Оба, как по команде, посмотрели вниз. Жила Наташа на пятом этаже высокого старого дома. Земля показалась Кире далекой, как австралийский континент. К тому же Георгий, как нарочно, выронил окурок. Тот полетел вниз и рассыпался на асфальте сверкающими оранжевыми искрами.
— Не надо прыгать, — онемевшими губами произнесла Кира.
Не заботясь больше о своем амплуа, она продиктовала неудавшемуся самоубийце номер своего мобильного телефона и удалилась обратно в комнату.
— Я попозже приду, — сказал ей в спину Георгий.
В спальне, подготовленной к первой брачной ночи горел только розовый фонарик в изголовье кровати. Кровать могла бы поспорить размерами со стадионом имени Кирова. Подушки с кружевными прошивками были взбиты, как гоголь-моголь, у розового покрывала кокетливо отгибался уголок. Красота несказанная!
Георгий позвонил через две недели. К этому моменту Кира уже миновала инкубационный период своего чувства и находилась в горячке любострастия. Она ожидала встречи с предметом своей внезапной влюбленности, ожидала, как манны небесной. Но только для того, чтобы увидеть его, разочароваться в нем и оставить в памяти только как забавный эпизод.
Но не тут-то было! Кира согласилась встретиться с Георгием в кафе на набережной, и тут же все благие намерения пошли прахом. Георгий пришел такой веселый, такой загорелый — а все вокруг еще были бледными после чахоточной петербуржской весны! — и говорил ей шепотом такие жгучие слова, в которых кристаллизовалась самая неподдельная страсть, что не было сил сопротивляться и разочаровываться. И эта, и все последующие встречи прошли для нее горячим мороком. Два летних добела раскаленных месяца…
Очнулась она в тот день и в тот час, когда собрала сумку, чтобы уйти из дома. Уйти к Георгию и жить с ним как жена.
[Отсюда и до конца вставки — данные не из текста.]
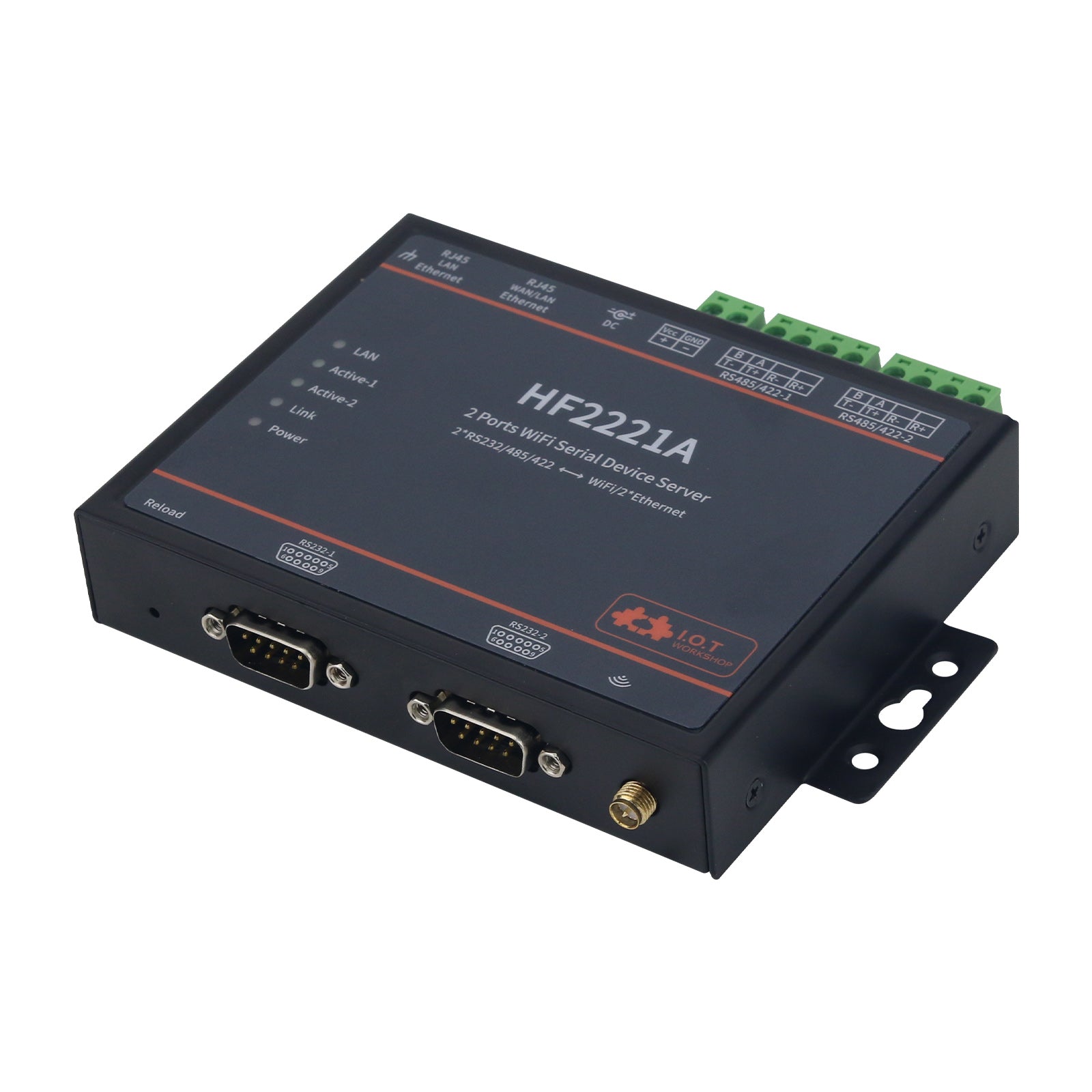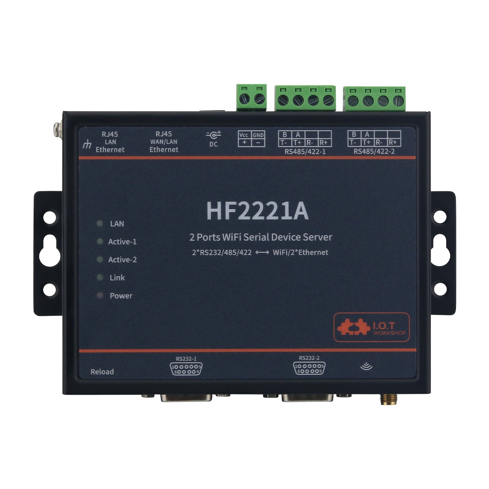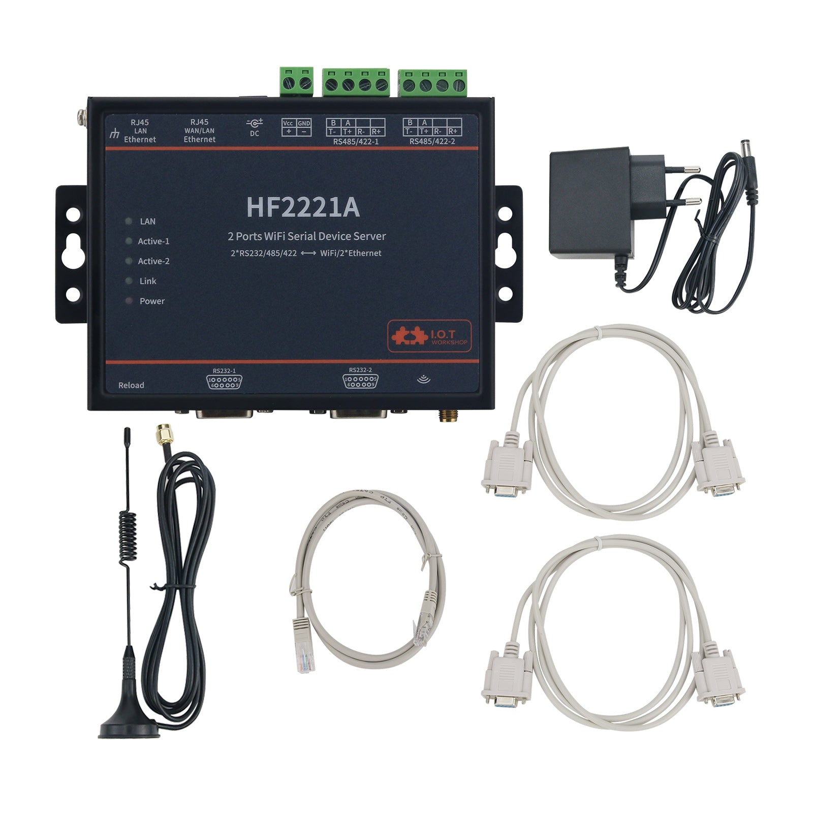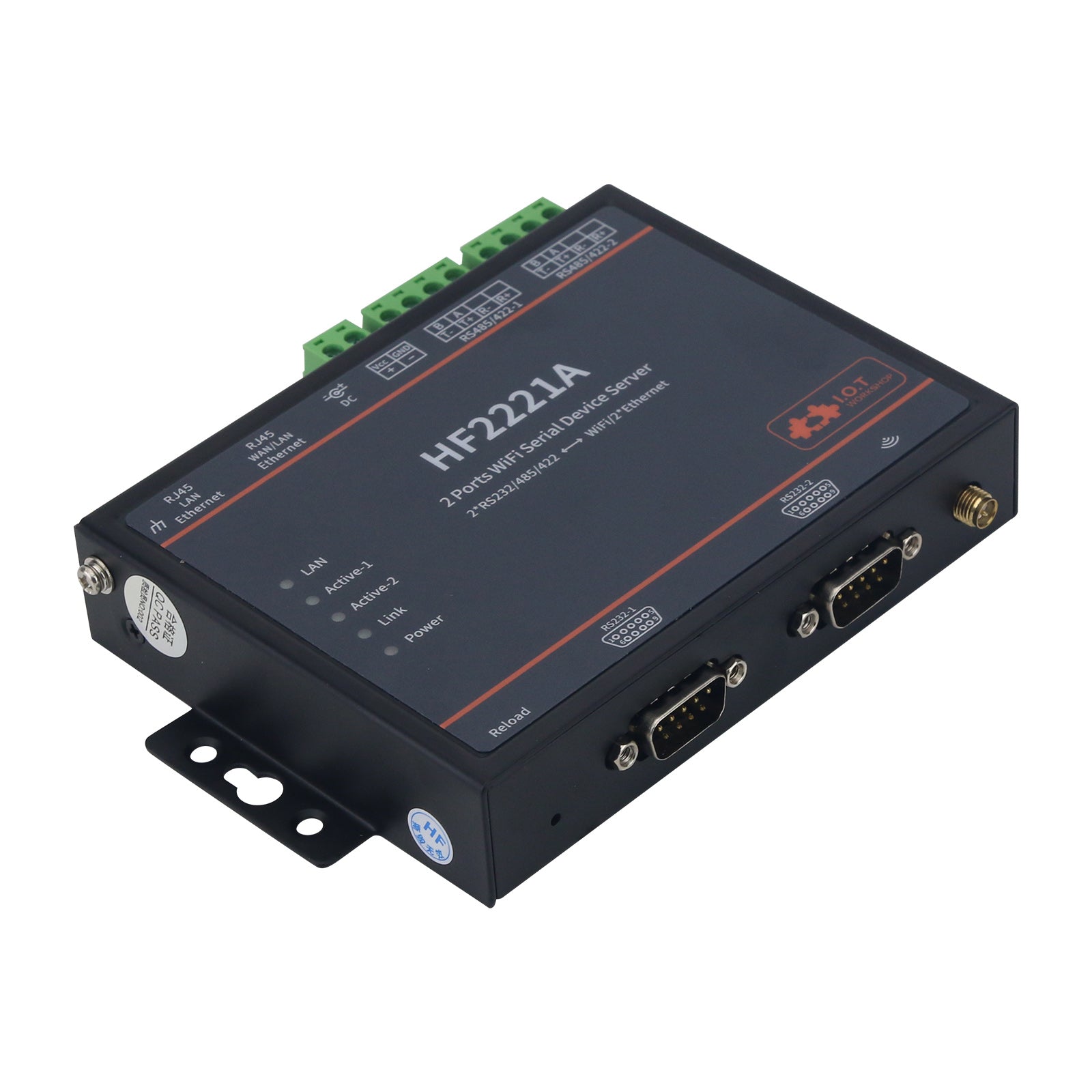 HF2221A Industrial Grade 2-Port Serial Server RS232/485/422 to Wifi/Ethernet w/ Suction Cup Antenna

Телефон она оставила, покидала в сумку кое-какие вещички — «на первое время, потом новое купим», так наставлял ее Георгий — и остановилась на пороге. В квартире было тихо. Мать разъезжает по делам, тетка прилегла вздремнуть. В эту секунду не поздно было повернуть назад. Но Кира не повернула.
— Девочка моя, я тоже женщина — во всяком случае, недавно ею была. Влюбилась, сошла с ума, я понимаю. Но зачем же ты из дома-то ушла? — допытывалась Диана Юстицкая. Диана была единственным человеком, который знал о том, как и куда ушла из дома Кира.
— Вы же сами говорили — нужно доказать матери, что я свободный человек со своими собственными возможностями и желаниями, что у меня тоже есть права!
— Положим, я говорила не так, — усмехнулась Юстицкая. — Ты не обижайся, но мне кажется, твой подростковый протест немного затянулся. Бедная твоя мама! Хотя бы позвони ей, записку оставь! Чтобы она знала, что с тобой все в порядке.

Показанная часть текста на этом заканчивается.